When the forces within the Labour Party against Corbyn divided after he won the leadership, Hunt was with the “I can’t make this work” faction rather than with those wanted to try to make it work, if only to make sure that Corbyn got the blame when it didn’t. Hunt left the shadow cabinet and tried to make his contribution in the field of ideas, talking about Europe and Harold Wilson’s legacy.

Now he is off. The implication is that he doesn’t think it is worth sticking around even if Corbyn goes before the next election. It is getting harder to see how Corbyn can survive. Last year’s leadership challenge was too early, but there are still more than three years to go. That is long enough for Corbyn’s most committed supporters to realise that it isn’t working. If anyone thinks that 24 per cent is the lowest Labour can go in the polls under Corbyn’s leadership they will soon be disabused of such sunny optimism.

But if Corbyn does go, he won’t be replaced by a Blairite such as Hunt.

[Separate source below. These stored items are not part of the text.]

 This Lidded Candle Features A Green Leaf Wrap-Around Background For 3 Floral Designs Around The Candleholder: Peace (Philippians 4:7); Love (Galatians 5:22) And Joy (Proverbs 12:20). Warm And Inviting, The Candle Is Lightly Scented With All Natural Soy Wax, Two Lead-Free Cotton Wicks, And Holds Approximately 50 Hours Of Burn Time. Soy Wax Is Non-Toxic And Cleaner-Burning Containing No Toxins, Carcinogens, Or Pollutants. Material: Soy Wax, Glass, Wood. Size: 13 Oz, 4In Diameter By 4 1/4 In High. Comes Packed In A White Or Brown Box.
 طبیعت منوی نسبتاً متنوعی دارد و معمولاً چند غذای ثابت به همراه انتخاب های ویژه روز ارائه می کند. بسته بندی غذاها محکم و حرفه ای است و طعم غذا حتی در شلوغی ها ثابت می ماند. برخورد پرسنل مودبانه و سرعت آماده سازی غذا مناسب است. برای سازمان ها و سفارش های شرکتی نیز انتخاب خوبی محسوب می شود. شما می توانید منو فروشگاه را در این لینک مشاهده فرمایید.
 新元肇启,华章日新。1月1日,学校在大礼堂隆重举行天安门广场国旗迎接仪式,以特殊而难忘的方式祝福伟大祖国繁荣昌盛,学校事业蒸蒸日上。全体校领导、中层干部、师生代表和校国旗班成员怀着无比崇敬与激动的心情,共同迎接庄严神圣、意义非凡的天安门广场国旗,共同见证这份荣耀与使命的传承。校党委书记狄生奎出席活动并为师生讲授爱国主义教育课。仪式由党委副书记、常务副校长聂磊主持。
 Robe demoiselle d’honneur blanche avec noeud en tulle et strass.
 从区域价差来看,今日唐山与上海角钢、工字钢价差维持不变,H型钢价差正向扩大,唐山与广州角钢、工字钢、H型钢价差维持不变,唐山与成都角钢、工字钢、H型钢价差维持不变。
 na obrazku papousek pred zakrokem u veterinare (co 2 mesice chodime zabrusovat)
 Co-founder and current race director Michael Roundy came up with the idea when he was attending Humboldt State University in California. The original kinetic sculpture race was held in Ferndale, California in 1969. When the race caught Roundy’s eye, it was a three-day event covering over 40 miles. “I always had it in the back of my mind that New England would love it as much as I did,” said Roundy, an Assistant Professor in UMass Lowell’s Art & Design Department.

It would be someone capable of building a bridge to Corbyn’s supporters. And it is unlikely to be enough to make the 2020 election remotely winnable for Labour.

Hunt’s departure reflects the structural problem of a party leader elected by enthusiastic new members but with the positive support of perhaps as few as 20 MPs out of 231. It is no use saying party members should have thought that through before they voted for Corbyn, twice, but they should have thought that through.

There will be more resignations and more difficult by-elections to come.